Матери их избаловали, а к тому времени, как за дело взялся Дэвид, было уже поздно. Мальчики только и умели, что со всем соглашаться. Воображением природа их обделила, и общаться с ними можно было исключительно в приказном порядке. Дэвид поставил их вице-президентами. Амелия вообще ничем кроме собственного сада не интересовалась. Слава богу, она жила далеко, по другую сторону океана.

У Дэвида и с уже имевшимися детьми проблем хватало. Зачем же добавлять к ним новые?

– Я уже старый для этого.

– А я нет.

– И отец из меня никакой.

– Ничего, в этот раз у тебя лучше получится.

– С чего бы вдруг?

– Я тебя научу.

– Да не хочу я учиться! Мне и так неплохо.

– Неправда.

– Нет, правда.

– Нет, неправда.

– Надин, ну поверь мне! У меня достаточно опыта. Я точно знаю: хороший отец из меня не выйдет.

– Чего ты боишься?

Да ничего он не боялся! Бояться надо тогда, когда знаешь, что может случиться нечто плохое. Может. А может и не случиться. А Дэвид точно знал, что оно случится. Несчастье неотвратимо. Дэвид уже это проходил.

– Я тебя люблю. И я хочу ребенка. Ну пожалуйста, не спорь со мной, – попросила Надин.

Дэвид промолчал.

– Пожалуйста!

Ну не мог же он ей отказать! Он сдался, как только Надин перестала просить.

Она хотела, чтобы Дэвид стал хорошим отцом, и он постарался. «Пойди погуляй с ним, – говорила Надин. – Сходите куда-нибудь развлекитесь». Дэвид не знал, куда идти, а Надин не желала ему подсказывать. Велела думать своей головой. В три года Дэвид играл один в своей комнате. В три года он научился читать.

И на скрипке играть тоже. Поэтому он понятия не имел, что должны делать в три года нормальные дети.

Дэвид взял сына с собой в офис и попытался убедить его, что играть с пластмассовыми модельками будущих домов ужасно интересно. Показал макет торгового центра в Торонто. И еще двух центров, которые строились в Джерси. Дэвиду казалось, что он отлично справляется с ролью отца, пока секретарша не сказала: «Он сейчас уснет со скуки». И посоветовала сводить ребенка в Музей естествознания. Вообще-то Дэвид был членом совета директоров музея, но он честно встал в очередь, как сделал бы всякий нормальный отец, и купил три билета: себе, сыну и няне, которая все утро следовала за ними молчаливой тенью. «Смотри!» Дэвид показал сыну скелет динозавра. Мальчик заревел. Дэвид попытался отвлечь его, показать другие экспонаты, но дамбу уже прорвало.
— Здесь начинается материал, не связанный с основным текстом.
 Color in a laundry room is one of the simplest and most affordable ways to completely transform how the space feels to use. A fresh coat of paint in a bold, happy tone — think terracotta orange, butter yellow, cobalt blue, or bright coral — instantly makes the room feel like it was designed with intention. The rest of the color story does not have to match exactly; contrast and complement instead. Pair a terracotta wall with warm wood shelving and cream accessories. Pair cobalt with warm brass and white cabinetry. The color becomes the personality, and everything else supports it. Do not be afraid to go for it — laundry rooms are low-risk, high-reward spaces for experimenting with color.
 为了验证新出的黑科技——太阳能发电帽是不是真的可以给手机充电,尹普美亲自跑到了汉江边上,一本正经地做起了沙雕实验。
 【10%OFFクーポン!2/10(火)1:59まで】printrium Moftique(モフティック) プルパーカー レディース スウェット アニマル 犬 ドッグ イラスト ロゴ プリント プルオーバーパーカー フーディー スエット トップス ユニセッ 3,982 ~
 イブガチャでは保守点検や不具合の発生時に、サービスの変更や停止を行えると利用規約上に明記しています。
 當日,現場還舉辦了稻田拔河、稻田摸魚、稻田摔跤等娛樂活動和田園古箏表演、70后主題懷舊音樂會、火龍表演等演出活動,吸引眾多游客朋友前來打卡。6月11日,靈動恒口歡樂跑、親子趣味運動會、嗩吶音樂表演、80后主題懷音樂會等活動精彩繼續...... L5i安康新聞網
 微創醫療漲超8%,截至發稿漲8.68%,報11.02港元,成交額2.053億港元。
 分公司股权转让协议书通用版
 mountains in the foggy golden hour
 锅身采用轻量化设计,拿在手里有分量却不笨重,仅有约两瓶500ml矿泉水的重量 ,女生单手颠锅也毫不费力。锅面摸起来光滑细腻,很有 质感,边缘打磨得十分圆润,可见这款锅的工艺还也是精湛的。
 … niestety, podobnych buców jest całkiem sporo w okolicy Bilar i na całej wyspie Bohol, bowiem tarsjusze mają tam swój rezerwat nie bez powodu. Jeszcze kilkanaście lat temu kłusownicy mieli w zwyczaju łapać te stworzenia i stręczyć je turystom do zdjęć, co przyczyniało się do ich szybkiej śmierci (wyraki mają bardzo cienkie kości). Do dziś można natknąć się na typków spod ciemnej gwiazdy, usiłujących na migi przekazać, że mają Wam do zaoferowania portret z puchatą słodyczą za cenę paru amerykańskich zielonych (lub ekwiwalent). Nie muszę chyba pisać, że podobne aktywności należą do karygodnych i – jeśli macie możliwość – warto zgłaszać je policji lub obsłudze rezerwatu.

Мальчик безутешно плакал и не замолчал, пока они не вернулись домой и Дэвид не передал его с рук на руки матери, сказав: «Забери его, пожалуйста».
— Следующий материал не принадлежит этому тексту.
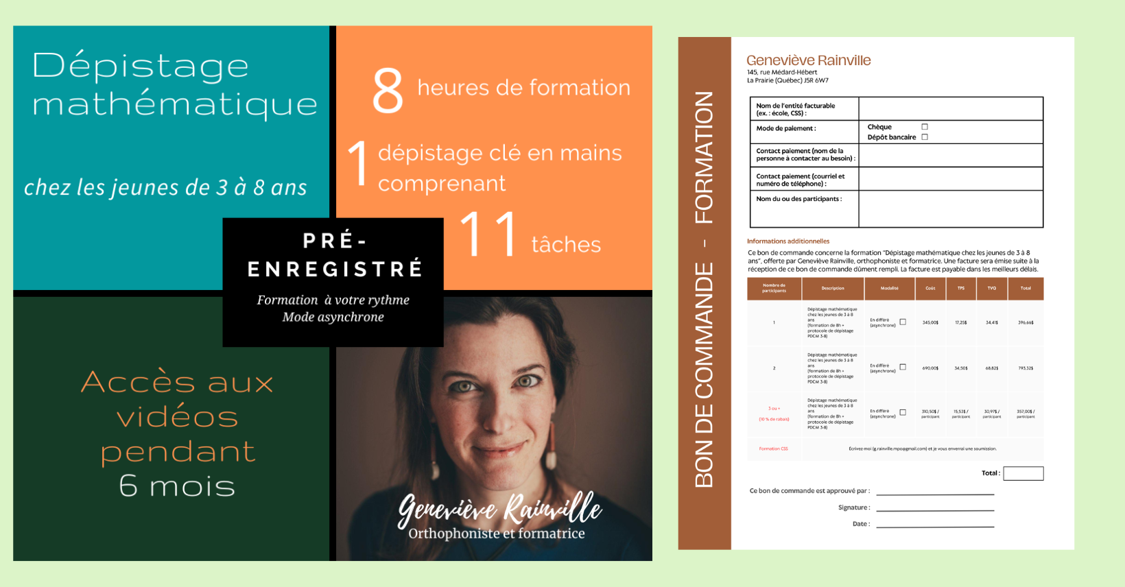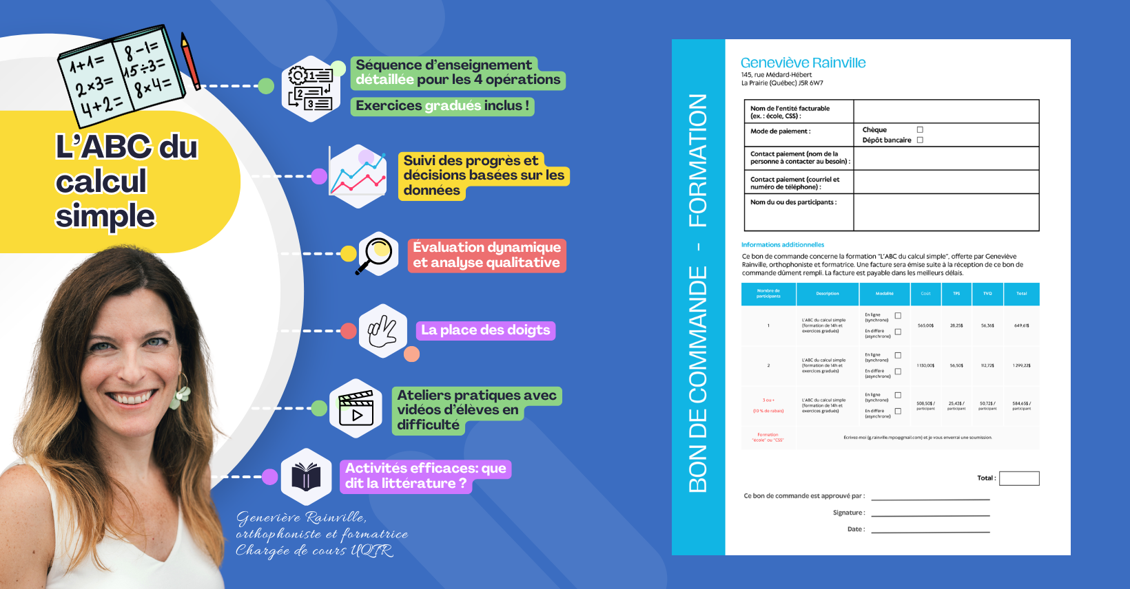3) Télécharger le bon de commande correspondant à la formation qui vous intéresse, le remplir et faire signer, puis m'envoyer le tout (g.rainville.mpo@gmail.com). Sur réception du bon dûment signé et autorisé, je pourrai produire une facture et vous donner accès à la formation souhaitée.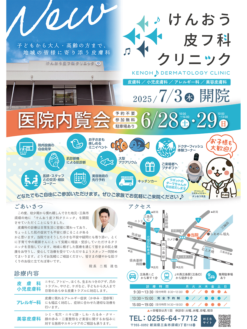 『けんおう皮フ科クリニック』が7月3日(木)に開院しますよ♪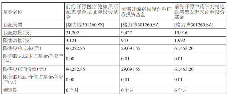 2023年1月31日,前海开源基金公告,公司所管理的部分基金参加了格力博(江苏)股份有限公司(以下简称“发行人”)首次公开发行股票网下申购,并根据发行人公告的限售期安排,网下投资者应当承诺其获配股票数量的10%(向上取整计算)限售期限为自发行人首次公开发行并上市之日起6个月。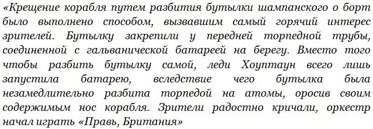 Появление в составе флота новых кораблей было встречено мельбурнцами с большим энтузиазмом. Например, крестной матерью миноноски «Countess of Hopetown» стала леди, в честь которой он был назван – супруга тогдашнего губернатора Виктории графиня Алиса Эвели-де-Мулен. Вот как одна из газет того времени писала о любопытной церемонии крещения корабля:

Больше Дэвид стать хорошим отцом не пытался.





А вот Надин с головой погрузилась в материнство. Она слишком увлеклась, и все, чего Дэвид так боялся, начало сбываться. Надин отдалялась от него, а он не в силах был ее удержать. Да ведь он же ей говорил! Он предупреждал, что так и будет. У нее-то опыта не было, а у него был, и еще какой. Надо было стоять на своем. Сказать, чтобы подождала лет пять, а вдруг за это время она бы передумала? Вдруг она не решилась бы тогда рисковать всем самым для него дорогим?

Надин принесла в его дом свет. А когда ушла, забрала его с собой. В доме снова стало темно. Дэвид привык к темноте, он вырос в ней и никогда не жаловался. Но теперь, после света, эта тьма его душила. По малейшему поводу он срывался, страдал от жесточайших приступов мигрени, которые приходилось пережидать в постели, занавесив окна и поплотнее прикрыв двери. Мигрень могла начаться от чего угодно. Неожиданный шум, плохие новости. Грустные мысли.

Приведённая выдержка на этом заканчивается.